-------- Material provided --------

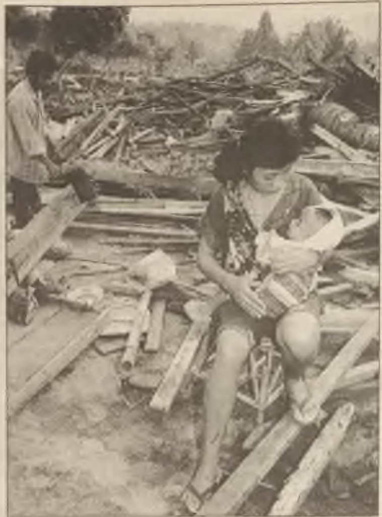
Matka drží svého 13měsíčního synka ve vesnici Panour v Indonésii po několika vlnách přílivu, který usmrtil minulý pátek 192 osob.

Německé sdělovací prostředky měly spoustu článků a programů o invazi. Mnohé z článků, jako série o dvou částech ve Spiegel News
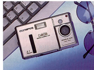
Die Olympus Camedia C21 ist eine der kleinsten des Marktes.
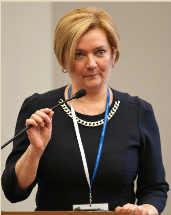
Szanowni Goście Drodzy Delegaci

Kiedy cztery lata temu w październiku 2011 roku rozpoczynaliśmy VI kadencję działalności samorządu, określiłam ją jako czas zmian. Dzisiaj patrząc z perspektywy końca kadencji mogę powiedzieć, że było to bardzo trafne określenie, gdyż zmiany w ochronie zdrowia następowały jedna po drugiej, mając również niemały wpływ na naszą samorządową pracę.
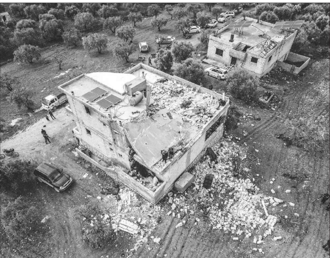
พริบรา ● ภาพถ่ายทางอากาศความเสียหายของอาคารในจังหวัดอิดลิบของซีเรียที่โดนหน่วยพิเศษของกองทัพสหรัฐโจมตีทางอากาศ เมื่อวันที่ 3 กุมภาพันธ์ เจ้าหน้าที่กู้ภัยซีเรียเผยมีผู้เสียชีวิตอย่างน้อย 13 ศพ ในจำนวนนี้เป็นเด็ก 6 คน และผู้หญิง 4 คน.

จอห์น เคอร์บี โฆษกเพนตากอน กล่าวว่า วัตถุประสงค์ของการเสริมกำลังทหารในยุโรปตะวันออกครั้งนี้เพื่อส่ง "สัญญาณที่หนักแน่น" ถึงปูติน และ "บอกต่อโลกตรงๆ ว่า นาโตมีความสำคัญต่อสหรัฐ และมีความสำคัญต่อพันธมิตรของเรา" เรารู้ว่าปูตินหงุดหงิดกับนาโต เกี่ยวกับเรื่องนี้ เราจึงทำให้ชัดเจนว่าเรากำลังเตรียมพร้อมที่จะปกป้องพันธมิตรของเรา นาโต หากถึงเวลา แต่หวังว่าจะไม่ถึงเวลานั้น เมื่อวันพุธ นายกรัฐมนตรีโอลาฟ โชลซ์ ของเยอรมนี ประกาศว่าเขาจะเดินทางไปกรุงมอสโกเพื่อหารือเกี่ยวกับวิกฤตนี้ ขณะที่ประธานาธิบดีเอมมานูเอล มาครง ของฝรั่งเศส เผยว่าเขาอาจเดินทางไปยังมอสโกเช่นกัน ขึ้นอยู่กับผลการเจรจาที่ผู้นำประเทศอื่น ๆ ที่กำลังเกิดขึ้น มาครงคุยโทรศัพท์กับไบเดนเมื่อวันพุธ โดยในช่วง 2 ชั่วโมงนั้นว่า จะเสนอต่อวิกฤตนี้ อย่างไรก็ตาม ประธานาธิบดี โอลาฟ โชลซ์ ของเยอรมนี ประกาศว่าเขาจะเดินทางไปกรุงมอสโกเพื่อหารือเกี่ยวกับวิกฤตนี้

--------

▶ What you need to do: Every record gets retyped exactly; no picture goes into the copy.

▶ Exercise answer:
Matka drží svého 13měsíčního synka ve vesnici Panour v Indonésii po několika vlnách přílivu, který usmrtil minulý pátek 192 osob.

Německé sdělovací prostředky měly spoustu článků a programů o invazi. Mnohé z článků, jako série o dvou částech ve Spiegel News
Die Olympus Camedia C21 ist eine der kleinsten des Marktes.
Szanowni Goście Drodzy Delegaci

Kiedy cztery lata temu w październiku 2011 roku rozpoczynaliśmy VI kadencję działalności samorządu, określiłam ją jako czas zmian. Dzisiaj patrząc z perspektywy końca kadencji mogę powiedzieć, że było to bardzo trafne określenie, gdyż zmiany w ochronie zdrowia następowały jedna po drugiej, mając również niemały wpływ na naszą samorządową pracę.
พริบรา ● ภาพถ่ายทางอากาศความเสียหายของอาคารในจังหวัดอิดลิบของซีเรียที่โดนหน่วยพิเศษของกองทัพสหรัฐโจมตีทางอากาศ เมื่อวันที่ 3 กุมภาพันธ์ เจ้าหน้าที่กู้ภัยซีเรียเผยมีผู้เสียชีวิตอย่างน้อย 13 ศพ ในจำนวนนี้เป็นเด็ก 6 คน และผู้หญิง 4 คน.

จอห์น เคอร์บี โฆษกเพนตากอน กล่าวว่า วัตถุประสงค์ของการเสริมกำลังทหารในยุโรปตะวันออกครั้งนี้เพื่อส่ง "สัญญาณที่หนักแน่น" ถึงปูติน และ "บอกต่อโลกตรงๆ ว่า นาโตมีความสำคัญต่อสหรัฐ และมีความสำคัญต่อพันธมิตรของเรา" เรารู้ว่าปูตินหงุดหงิดกับนาโต เกี่ยวกับเรื่องนี้ เราจึงทำให้ชัดเจนว่าเรากำลังเตรียมพร้อมที่จะปกป้องพันธมิตรของเรา นาโต หากถึงเวลา แต่หวังว่าจะไม่ถึงเวลานั้น เมื่อวันพุธ นายกรัฐมนตรีโอลาฟ โชลซ์ ของเยอรมนี ประกาศว่าเขาจะเดินทางไปกรุงมอสโกเพื่อหารือเกี่ยวกับวิกฤตนี้ ขณะที่ประธานาธิบดีเอมมานูเอล มาครง ของฝรั่งเศส เผยว่าเขาอาจเดินทางไปยังมอสโกเช่นกัน ขึ้นอยู่กับผลการเจรจาที่ผู้นำประเทศอื่น ๆ ที่กำลังเกิดขึ้น มาครงคุยโทรศัพท์กับไบเดนเมื่อวันพุธ โดยในช่วง 2 ชั่วโมงนั้นว่า จะเสนอต่อวิกฤตนี้ อย่างไรก็ตาม ประธานาธิบดี โอลาฟ โชลซ์ ของเยอรมนี ประกาศว่าเขาจะเดินทางไปกรุงมอสโกเพื่อหารือเกี่ยวกับวิกฤตนี้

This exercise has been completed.